P has done real battle now.  He has been there on the front among 30 foot flames, writhing fire hoses, heat, choking smoke, his hat struck by water from the water bombers, glad for the cool reprieve, too awash with adrenaline to feel fear or exhaustion.  He has looked after a man who forgot to eat or drink in the mayhem and collapsed due to heat.

If the fires come too fast, they are incredibly dangerous and shocking and probably way scarier and more deadly.  And yet, from my newest experience, the slow creep is painful too.  The long, long weeks of arduous preparation trying to think of every possible way to prepare your property.  Constant suspense.  The hard labour with rakes and chainsaws and sweat and aching muscles.  And then watching the fire sneak and weasle, pop and slither, watching the smoke plumes, watching the choppers, listening for radio calls, phone calls, falling trees.  And then, sudden action when there’s a flare-up, sudden extreme exertion.  Sudden real contact with the enemy.  Just you and the heat and the smoke and whatever flat clearing or piece of grass you choose as your defence point.  You and your weapon and whatever clear thoughts you muster.  Slow fires are battles of attrition.  Days and days of watching the weather, breathing the smoke, doing night watches.
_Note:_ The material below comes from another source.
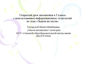 Учитель называет вид задачи (задачи на части) и предлагает учащимся записать тему урока: «Задачи на части».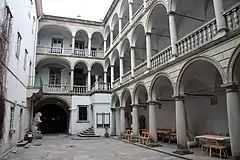 Не меньшим художественным достоинством обладает другое ренессансное здание — соседний дворец Корнякта (дом № 6). После пожара 1571 года купец Мельхиор Хазе продал этот участок Константину Корнякту, который добился королевского разрешения на возведение шестиоконного фасада. В 1580 году постройка дворца по проекту Петра Барбона была завершена (по всей видимости, в работе принимал участие и Павел Римлянин). Цокольный этаж, использовавшийся под торговое помещение, расчленён арочными проёмами смещённого с центральной оси портала и трёх окон. Выразителен задний фасад здания, выходящий на улицу Фёдорова, особенно рустованный портал с высеченной на нём датой постройки. На первом этаже сохранился готический зал со стрельчатым перекрытием. Украшением дворца служит так называемый «итальянский дворик», с трёх сторон обрамлённый открытыми лоджиями[130].

Even I did a brief stint in ember-strewn territory, using a McLeod Tool to bury embers and stop them flaring up again with the next breeze.  My face grew hot and I felt like I glowed too. Working, working with this nagging inner confusion about whether what I was doing was useful.  Nobody has time to check what others are doing.  It’s just knee-jerk reactions as situations arise.  I’m not technical so I didn’t man any pumps – the obvious first weapon.  So I tried to imagine other ways to make some kind of inroads on the vast, glittering enemy.

I couldn’t stay.  I had to get back to our children.  But I left my husband in the fray.  In the fight for my family’s property.

The list of thank yous is long.  I don’t think I realised how long until my brief visit the other day.  Of course, there’s the fireys.  All these amazing, invisible volunteers putting in hugely long, tiring, uncomfortable days.  They even deliver food and cold drinks!  And then there’s people in the communities who just help.  Just pick a time when their own place isn’t under threat and wander off to find somebody else who could use an extra pair of hands.  People come and visit just to make sure you’re ok, trade stories, share their own victories and tragedies, share their own wisdom and tools.  I was amazed by the “bush telegraph”.  In an area where mobile phones are useless and radios might only work at the top of hills, somehow news gets around.  A bobcat turns up on a truck with three siblings to operate it.  A water tanker appears and is left with hoses attached, waiting to be useful. A huge bull dozer is walked in to clear fire breaks.  Choppers mysteriously drone into sight, buckets hung low, ready to save an area with perhaps 5 homes spread along 10 or 15 kilometres of river.  Those pilots! Their precision and skill is as breathtaking as Cirque Du Soleil.  And apparently tireless. I looked up and saw a pilot’s head hanging sideways from his doorless-craft, trying to see below him.  I imagined his focus.  His life suspended beneath that slicing blade, his skill the saviour of lives below.

And of course, there’s the property owners and their friends and family –  that tight little core of workers who will fight so hard because they care so hard.  They are the hub of the wheel – the spinning centre – the point that holds everything together.  They are centrifugal.

Imagine if our parliament operated in this way.  They’d get a shit tonne done! Instead they sniffle and whinge and point and lie – as loud and unpleasant as a dog fight.